Playing around: Communities keep kids busy with educational, active schedules

Posted: Tuesday, June 18, 2002

Children race through the Kenai Recreation Center gym, tossing foam balls back and forth, sliding to their knees when struck and cheering one another on with gleeful laughter and echoing shouts.

"Somebody get Justin," shout the college-age supervisors monitoring -- and playing in -- the game.

Justin Herrmann, sweating in his jeans and white U.S. flag T-shirt, tears up the gym, speeding from one end of the gym to the other, catching the foam balls that come his way and striking others with the balls to "get them out."

The game is "Ruler of the World," a dodgeball-meets-freeze-tag sort of game with complex rules and a muscle-challenging aerobic workout.

"I love playing 'Ruler of the World,'" Justin smiles, taking a brief break. He also enjoys playing hockey and taking field trips with the summer recreation program.

The Kenai Parks and Recreation summer day camp offers two sessions for children each day. Kids ages 5 to 8 play gym games, create arts and crafts and share snacks in the morning sessions, while those ages 9 to 13 come in the afternoon.

The activities are chaperoned by college students home for the summer.

"We have gym time, usually playing games they suggest," said rec leader Tamanika Haynes. "And we try to do really unique arts and crafts, stuff they haven't done before, stuff they can take home and keep."

The kids also have occasional field trips, such as ventures to the bowling alley or area parks.

In Soldotna, children also spent Monday running, playing, creating and learning.

The Boys and Girls Club After the Bell summer clubhouse at Soldotna Elementary School offers education and recreation all in one.

From learning to speak Russian to miniature golfing to gardening, the After the Bell program gives children a sea of choices to sail through the summer.

"I like when we do arts and crafts, or when we play outside and stuff," said 10-year-old Jasmine Woodland.

Eddie Darian and Jeff Pindras, both 11, said they most enjoy swimming at the Skyview pool on Fridays.

"I also like the Russian," Jeff added. "I already knew some, but I figured I might as well get some more information."

But the best part, the three said, is choosing what to do each day.

The day camp is built on mini-courses. Each week, the staff offers new activity groups, and children sign up for the ones that interest them. Morning classes tend toward education, including topics such as reading, sign language and foreign languages.
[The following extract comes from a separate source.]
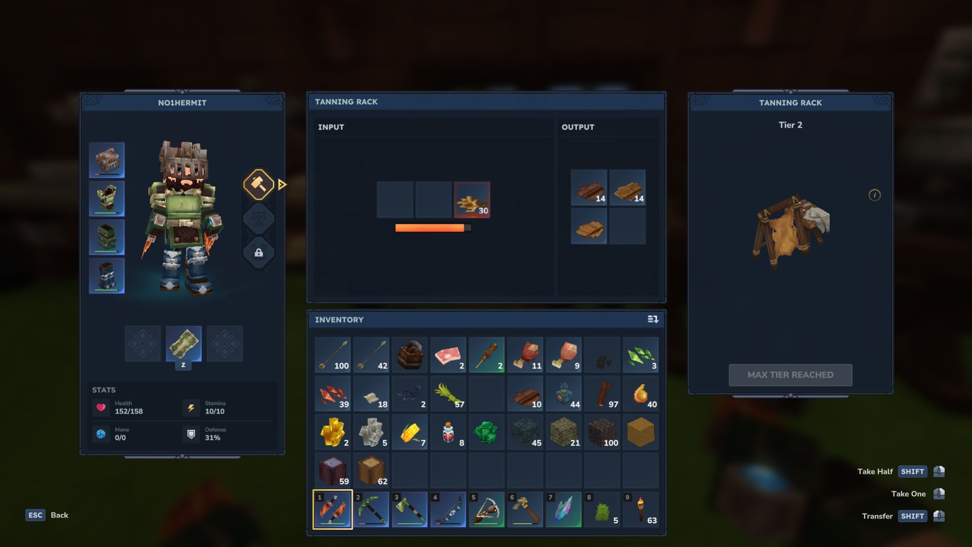 В дополнение к этому, вы можете улучшить Tanning Rack до 2-го уровня, используя следующие материалы:

In the afternoon, classes are more activity-oriented, including team sports, gardening and other hands-on activities.

Giving the children the power of choice is the key, said director Tammy Hanley.

"They may not being doing their most favorite thing, but because they had a choice, they're happy," she said.

"It's pretty cool," said Jeff. "It's fun to choose something and if you don't like the first thing, you can try another."

The After the Bell summer clubhouse runs all day through the summer. About 130 kids are registered for the program and show up on a casual basis. The staff is prepared for about 100 a day, though they usually see fewer.

The Kenai summer recreation program serves fewer children and has seen a drop in registration this summer due to fees. The program was free in the past, but now costs $120 for one child, and another $100 for each additional child in a family. Registration for the program is open throughout the summer.